1965年スペイン、ビルバオ生まれ。10歳で漫画を描き始め、デウスト大学で学ぶ。アレックス曰く、学生時代のほとんどをバーと映画サークルで過ごしたという。彼が共同脚本兼監督を手掛けた短編映画『Mirindas asesinas(原題)』(1991年)が数々の映画祭で賞を受賞すると、同作品がペドロ・アルモドバルの目に留まり、初の長編映画となる『ハイル・ミュタンテ!/電撃XX作戦』(1993年)の出資契約を獲得することとなった。これにより、アレックスは、単なる映画監督ではなく、最も有望な映画監督としての地位を確立した。2作目『ビースト 獣の日』(1995年)もゴヤ賞の6部門を受賞し、興行成績では年間でトップランクを稼ぎ出す。以降、その輝かしいキャリアは、『ペルディータ』(1997年)『どつかれてアンダルシア(仮)』(1999年)『みんなのしあわせ』(2000年)に繋がり、2002年発表した『マカロニ・ウエスタン 800発の銃弾』では、自身で映画製作会社Panico Films companyを設立し、製作も自ら手掛けた。 2007年には、『オックスフォード連続殺人(未)』の脚本・監督を手掛け、イライジャ・ウッド、ジョン・ハート、レオノール・ワトリングといった豪華俳優陣を迎えて、大学を舞台に起こる本格ミステリーで英語作品にも進出を果たしている。『気狂いピエロの決闘』は彼のこれまでの作品に含まれた全ての要素を散りばめた傑作である。
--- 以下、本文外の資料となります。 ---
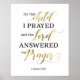 Calligraphy typography design in elegant black letters with fancy glyphs and alternatives and ornamental swash reads, "For This Child I Prayed and the Lord Answered my Prayer." Scripture is from 1 Samuel 1:27.
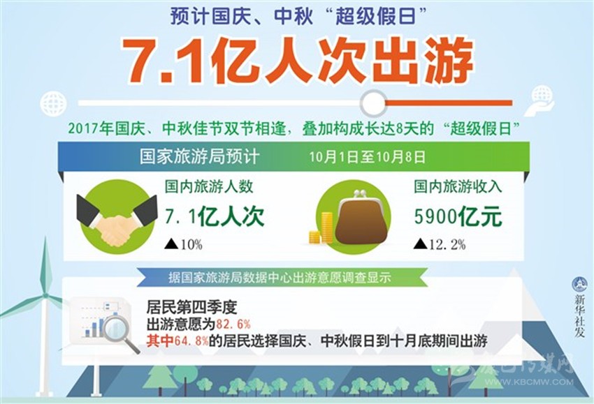 今年國慶、中秋佳節(jié)雙節(jié)相逢,疊加構(gòu)成長達8天的“超級假日”。國家旅游局預計,10月1日至8日國內(nèi)旅游人數(shù)將達到7.1億人次,國內(nèi)旅游收入將達到5900億元,較去年同期分別增長10%和12.2%。
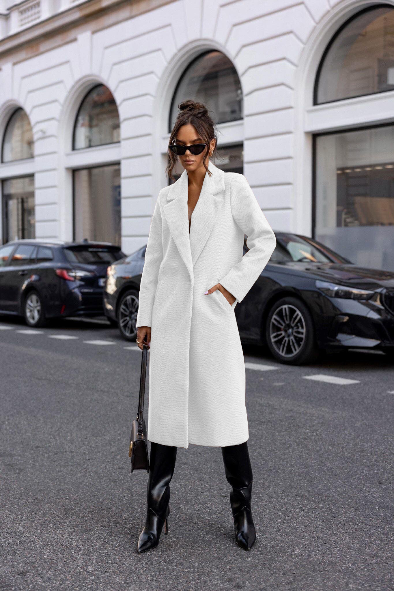 New Spring Winter Warm Long Woolen Coat Women Elegant Warm Wool Blend Trench Coat With Belt Fashion Outerwear white m
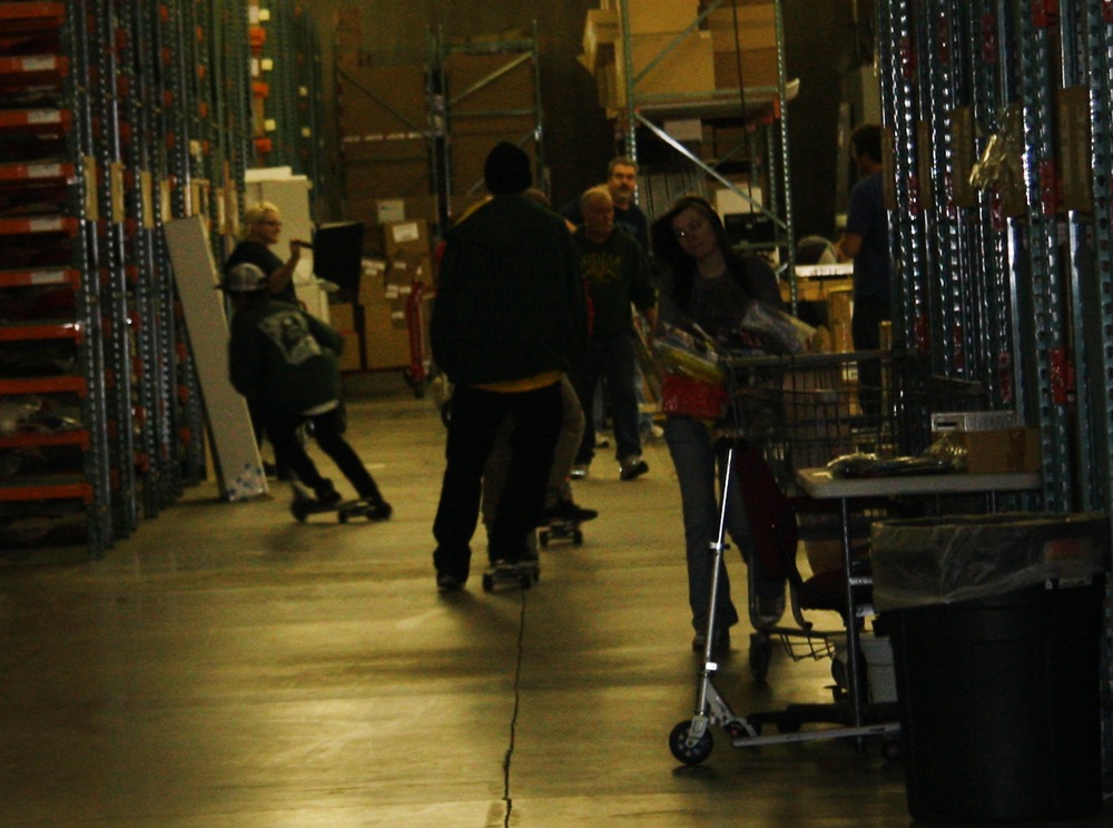 The people working in the warehouse weren't too thrilled when the guys found the scooters and were cruisin by going at least mach 3

2000年 みんなのしあわせ(監督・脚本/106分)
2002年 マカロニ・ウェスタン 800発の銃弾(監督・脚本/124分)
2004年 Crimen ferpecto(監督・脚本/105分)
2006年 スパニッシュ・ホラー・プロジェクト:ベビー・ルーム(監督/77分/TV映画)
2008年 オックスフォード連続殺人(監督・脚本/107分)
2010年 気狂いピエロの決闘(監督・脚本/107分)
2011年 La chispa de la vida (監督/93分)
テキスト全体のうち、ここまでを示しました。